Apache9 pushed a commit to branch branch-2.6
in repository https://gitbox.apache.org/repos/asf/hbase.git
The following commit(s) were added to refs/heads/branch-2.6 by this push:
new 7e4a75c96a4 HBASE-30111 Fix for flapper TestBlockBytesScannedQuota by
AI (#8117)
7e4a75c96a4 is described below
commit 7e4a75c96a4abc5998abe7868177a647c528448b
Author: Hari Krishna Dara <[email protected]>
AuthorDate: Fri Apr 24 20:39:57 2026 +0530
HBASE-30111 Fix for flapper TestBlockBytesScannedQuota by AI (#8117)
AI tool: Claude Code
AI Model: Sonnet 4.5 (reverified using Opus 4.6 (1M context))

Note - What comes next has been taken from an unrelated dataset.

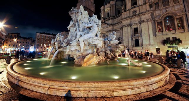 Z Piazza Colosseo autobusem podjechaliśmy do kolejnego słynnego miejsca w Rzymie. Nawet wieczorem na Piazza Navona można spotkać artystów malujących i sprzedających swoje dzieła. Ładnie prezentują się znajdujące przy placu kawiarnie, ale kamienice i kościoły nie są w ogóle oświetlone, chociaż widać było skierowane na nie reflektory. Trzy efektowne fontanny również były podświetlone bardzo słabo, natomiast znajdujący się na środku obelisk wcale. Mimo to plac tętni życiem i ma specyficzny klimat.
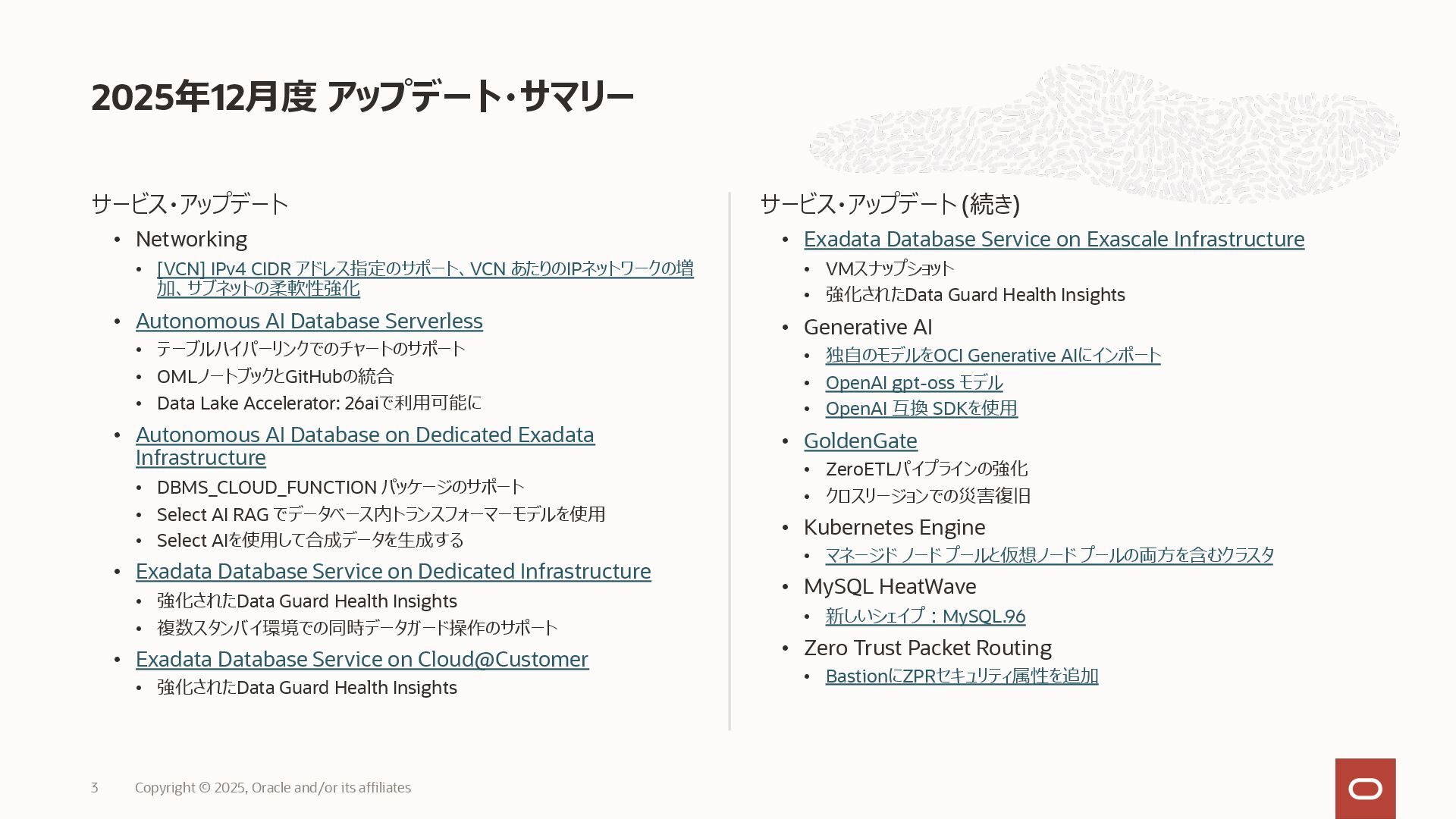 Infrastructure ドキュメント (⽇本語版)︓Infrastructure|Platform リリースノート • Oracle Cloud Infrastructure > Release Notes • Oracle Cloud Infrastructure > リリースノート (⽇ 本語版) ブログ • [英語]Oracle Cloud Infrastructure Blog • [英語]Oracle Database Insider • [⽇本語]オラクルエンジニア通信 • サービス・アップデート(全体概要) • 本資料の過去資料はこちら 各サービスのアップデートはこちらから確認できます Copyright © 2025, Oracle and/or its affiliates 2

Prompt: You need to diagnose the HBase test TestBlockBytesScannedQuota that
is flapping. It had multiple failures and errors in the PR validation build,
but none when I ran locally. The source code is at @../../src/apache/hbase/ and
the logs for good run is at @Good-Run and bad run is at @bad-run. Can you
compare the logs and try to understand why the run failed and look at the code
for a potential fix?
Summary by AI:
The test is flapping due to a **timing/race condition** in the quota system:
1. **5-second timeout too short**: The `testTraffic` method only waited 5
seconds for quotas to take effect
2. **Quota cache not fully propagated**: On slower systems (like CI), the
quota cache refresh can be asynchronous and may not fully propagate in time
3. **Quotas bypassed**: When cache isn't refreshed, the logs show `"bypass
expected false, actual true"`, meaning all requests succeed instead of being
throttled
4. **Insufficient retries**: Each iteration takes ~1.3 seconds, so only 3-4
retries fit in 5 seconds, not enough for the quota system to stabilize
**Bad run pattern:**
- Test expects 1 successful request but gets 5 (all succeed because quotas
not enforced)
- Retries every ~1.3 seconds for 4 attempts
- Times out after 5 seconds with "Waiting timed out after [5,000] msec"
**Good run pattern:**
- Quotas enforced immediately
- Tests pass quickly (36.97s total vs 63.14s for failed run)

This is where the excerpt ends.